Elle appelle en outre à participer à :
- la ronde infinie des
obstinés de midi à minuit, organisée du 2 au 6 juin à Paris et en
province.
- la Marche de tous les
savoirs, à l’initiative de SLR, le 4 juin ;
- la 4e réunion de la
Coordination nationale des BIATOSS et ITA et à la 4e réunion de la
Coordination nationale de la Formation des Enseignants, le 6 juin ;
- une campagne de renvoi
des bulletins de vote inutilisés aux candidats aux élections européennes,
avec la mention « Universitaires en Colère », le 7 juin ;
- la 4e réunion de la
Coordination nationale des Laboratoires en Lutte, le 9 juin ;
- la nuit des
universités organisée à Paris 8 Vincennes—St-Denis, le 12 juin ;
- la manifestation
unitaire à l’initiative des confédérations syndicales, le 13 juin ;
- la ronde des obstinés
des 24h du Mans, le 13 juin ;
- la rencontre que la
Coordination Nationale des Laboratoires en Lutte se propose d’organiser à
Paris le 24 juin, à l’occasion de la tenue du Conseil d’administration du
CNRS au CERN (Lausanne, Suisse) ;
- la distribution de tracts
lors des épreuves du baccalauréat et lors des inscriptions des lauréats.
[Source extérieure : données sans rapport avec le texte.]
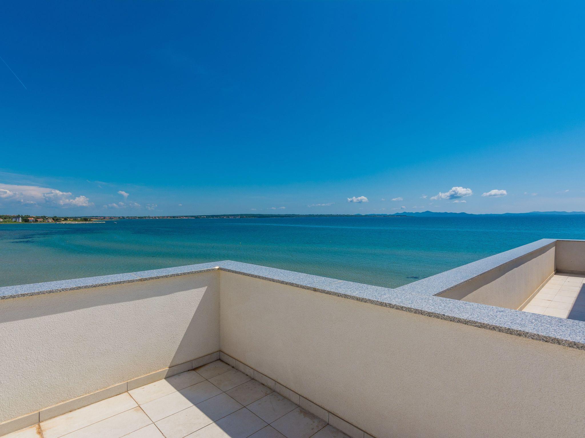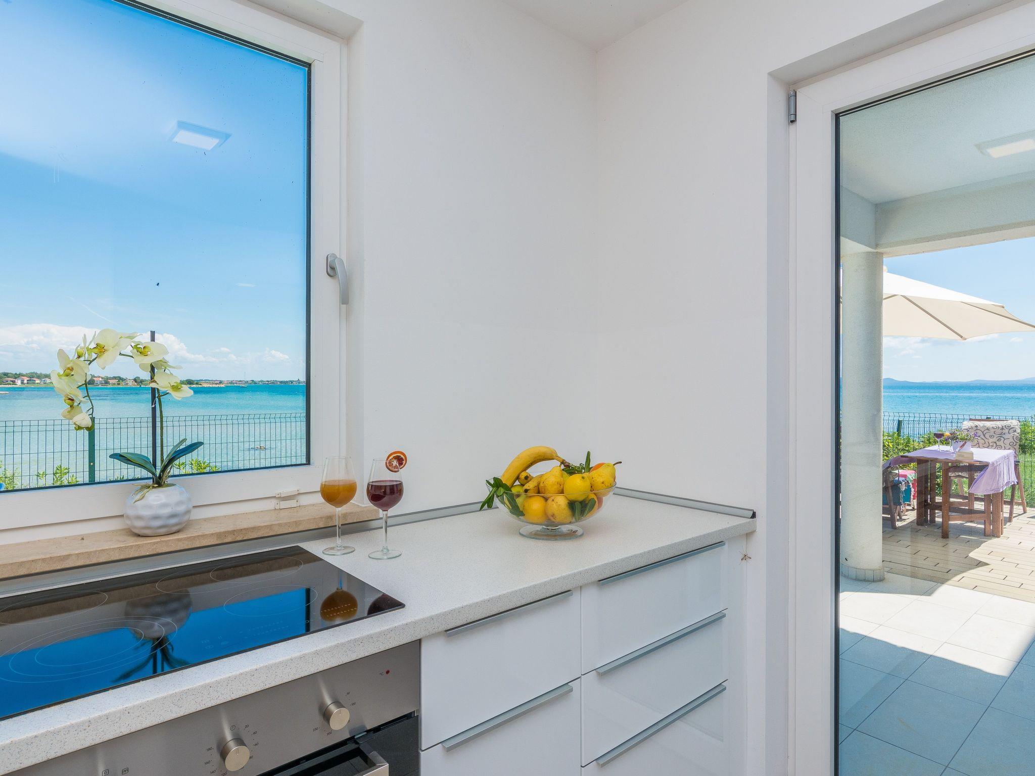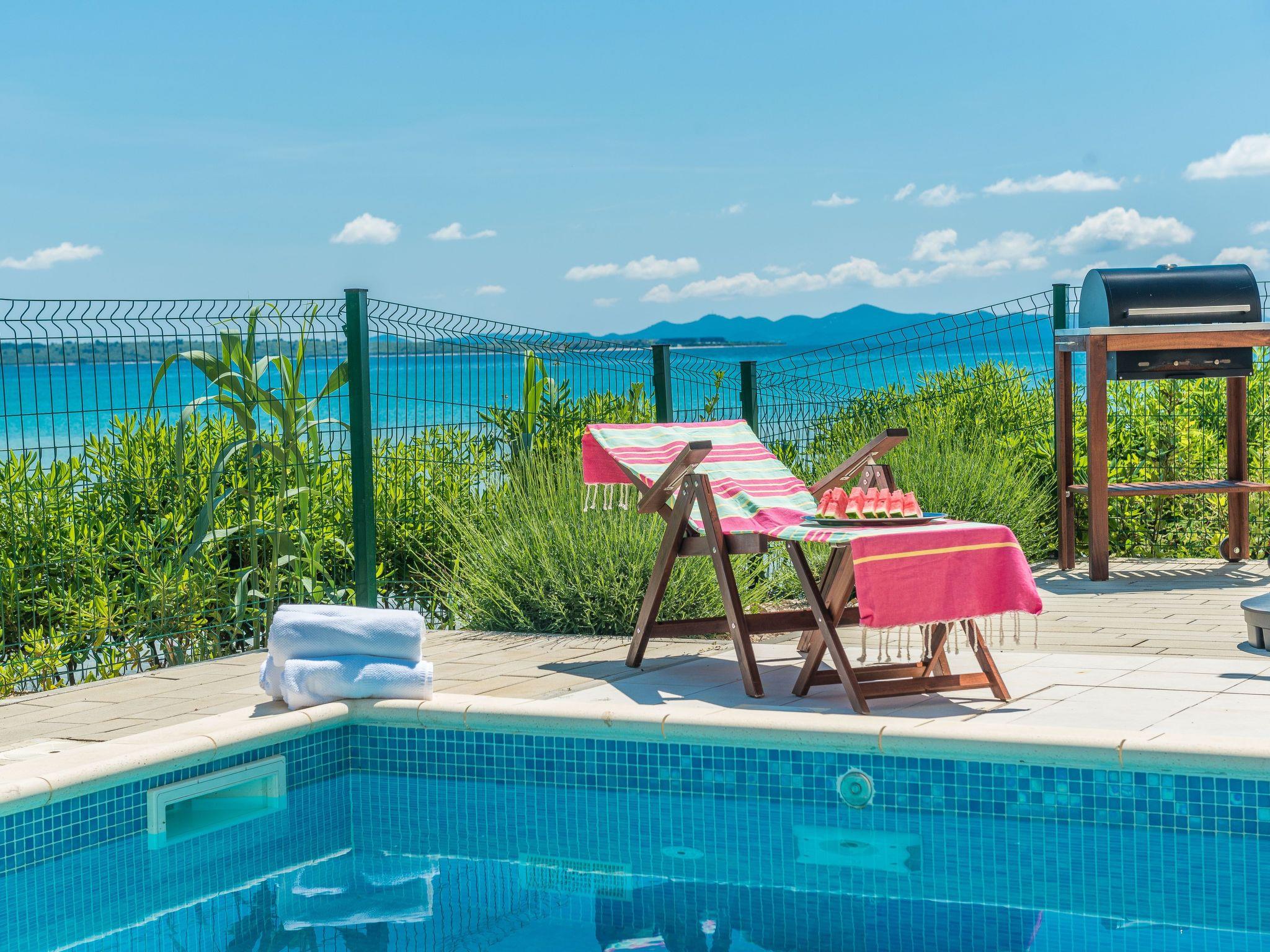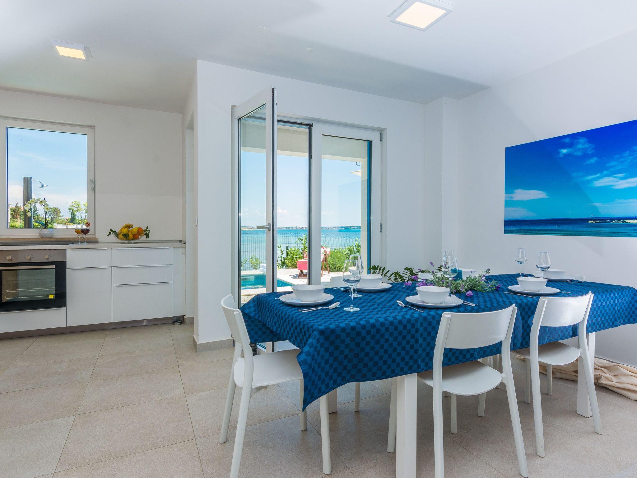 This top modern holiday villa enjoys a lovely location in the seaside town of Privlaka: it sits just a few metres from one of the best sandy beaches on the coast and overlooks the sea and features panoramic views of the islands.

La Coordination Nationale des Universités invite l’ensemble
de la communauté universitaire et scientifique à participer aux
« Rencontres d’été de la CNU » que l’université Paris 7 organise les
27 et 28 juin 2009. Enfin, les représentants des Universités, associations,
sociétés savantes et syndicats réunis ce jour annoncent que la 12e réunion de
la Coordination Nationale des Universités se tiendra le mercredi 30 septembre
2009 à l’Université Paris 8.
Autres actions envisagées
Tout en soutenant les collègues engagés dans diverses
actions locales, comme les démissions des responsabilités administratives et
pédagogiques, le refus de siéger dans les conseils, la rétention des notes et
la non-tenue des jurys, la CNU appelle les personnels à :
- concernant la
mastérisation : • alerter les élus locaux et les inciter à prendre la
défense du service public de l’enseignement ; • sensibiliser les
inspecteurs d’académie ; • organiser des journées de discussion
UFR-IUFM ;
- concernant les
statuts : • déposer des recours contre les décrets ; • se
positionner contre la modulation et les entretiens professionnels dans
toutes les instances où ils peuvent siéger (Conseils de laboratoire et
d’institut, Conseils d’administration, Comités Techniques Paritaires,
Commissions Administratives Paritaires, Conseils d’UFR et de
département...) ; • demander tous une modulation à la baisse et à
contester la décision en cas de refus, si l’établissement a mis en place des
possibilités de modulation de service ; • refuser la mise en place
des entretiens professionnels au sein des établissements d’enseignement
supérieur et de la recherche ;
de façon plus générale : • boycotter les jurys
du bac ; • boycotter la vague A des évaluations de l’AERES, en envoyant
leur rapport à leur organisme de tutelle et non à l’AERES ; • boycotter
les expertises ANR et les appels d’offres ; • exiger le report de l’examen
par les Conseils d’administration du passage aux compétences élargies et à
organiser des campagnes d’information préalables dans chaque
établissement ; elle appelle les Conseils d’administration à refuser le
passage aux compétences élargies ; • organiser des consultations locales
sur les réformes en cours et à en centraliser les résultats ; • maintenir
et développer les formes alternatives d’enseignement (cours ouverts,
universités populaires...) comme forme de réappropriation des missions
fondamentales de l’université ; • demander aux présidents d’université de
banaliser une demi-journée par semaine pour que la mobilisation puisse
s’organiser et que puissent se tenir régulièrement des assemblées
générales ; • constituer un comité de solidarité et de veille sur la
répression ; • créer un réseau européen interuniversitaire ; • signer
la pétition « appel par anticipation à la démission de Claude Allègre de
son nouveau poste de ministre » ;
(www.jussieu.ras.eu.org/allegre) ; • participer aux « Quartiers d’été
de l’Université » en organisant des actions à l’occasion des événements marquants
de l’été (festivals, étapes du Tour de France, plages...).